The PHE national real-time syndromic surveillance service detected large spikes in asthma and difficulty breathing-type indicators on 17 June 2021. Exceedances were particularly observed in southeastern regions of England, and in school-aged children and young adults. This was one of the largest and most significant short-term population-level health impacts detected by these syndromic systems in over 20 years of operation. On 17 June, asthma attendances in EDs participating in the PHE ED syndromic surveillance system increased by over 500%, with contacts for difficulty breathing/wheeze/asthma made to GP out of hours services increasing by over 300%. Completed online assessments made to the NHS 111 online digital health tool also increased by over 500%.
Increases were observed particularly in children aged 5–14 years and young adults 15–44. The ED and GP out of hours systems also detected increases in adults aged 45–64 years. The mean age of patients attending EDs during the 2016 Melbourne thunderstorm asthma episode was 32 years while the greatest impact on hospital admissions was seen in patients aged between 20–59 years [1]. Therefore, while our results for adults seem to support findings from Melbourne, our findings illustrating the impact on children requires further investigation.
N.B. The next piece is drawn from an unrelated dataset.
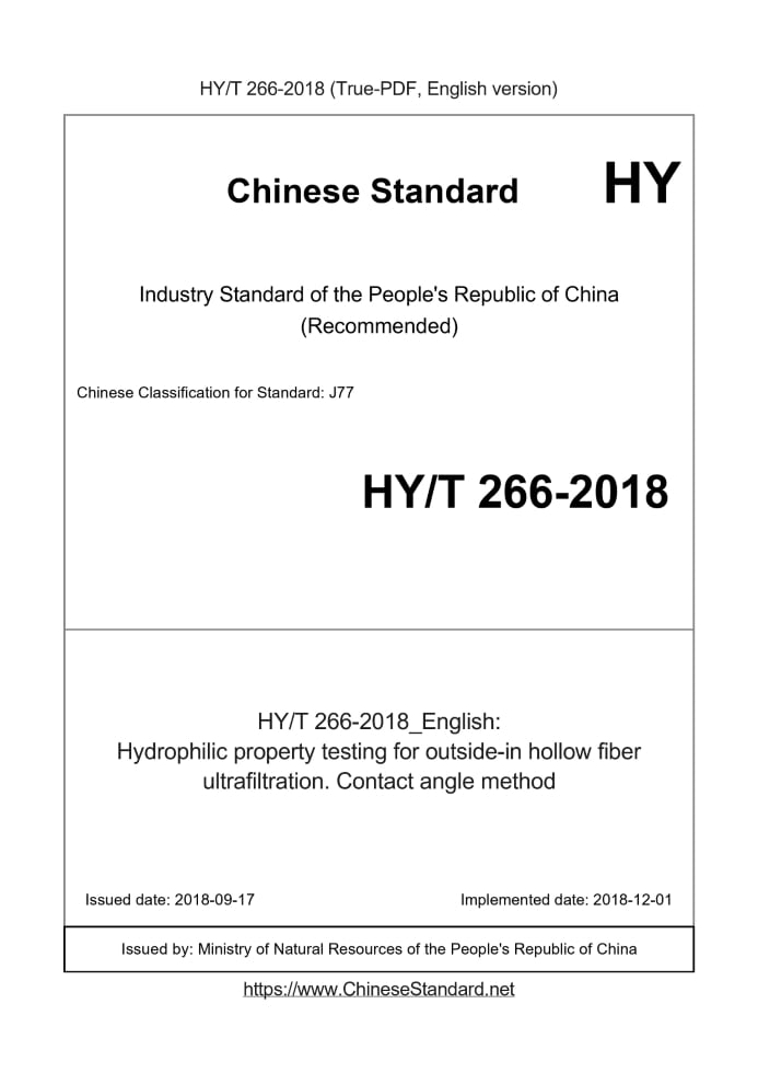 Delivery: <= 3 days. True-PDF full-copy in English will be manually translated and delivered via email. HYT266-2018: Hydrophilic property testing for outside-in hollow fiber ultrafiltration. Contact angle method Status: Valid

Age specific factors such as sensitivity to pollen and propensity to consult a healthcare professional may influence the findings for younger cohorts of the population.
One of the key strengths of PHE’s syndromic approach is the use of multiple national systems, which in this case allowed the triangulation of results to strengthen confidence in the observed findings. Of interest, consultations to the PHE GP ‘in hours’ surveillance system did not show similar impact [11]. In the UK, for patients to access ‘routine’ GP services they are required to book an appointment. These services are also not typically available at weekends thereby resulting in increased weekend activity of other services such as NHS 111 and GP out of hours (Figure 1). Therefore, the sudden acute nature of this event suggests that patients were more likely to access unscheduled healthcare services in order that they could be seen immediately. It also points to the severe nature of symptoms, suggesting that patients affected needed to seek health advice urgently.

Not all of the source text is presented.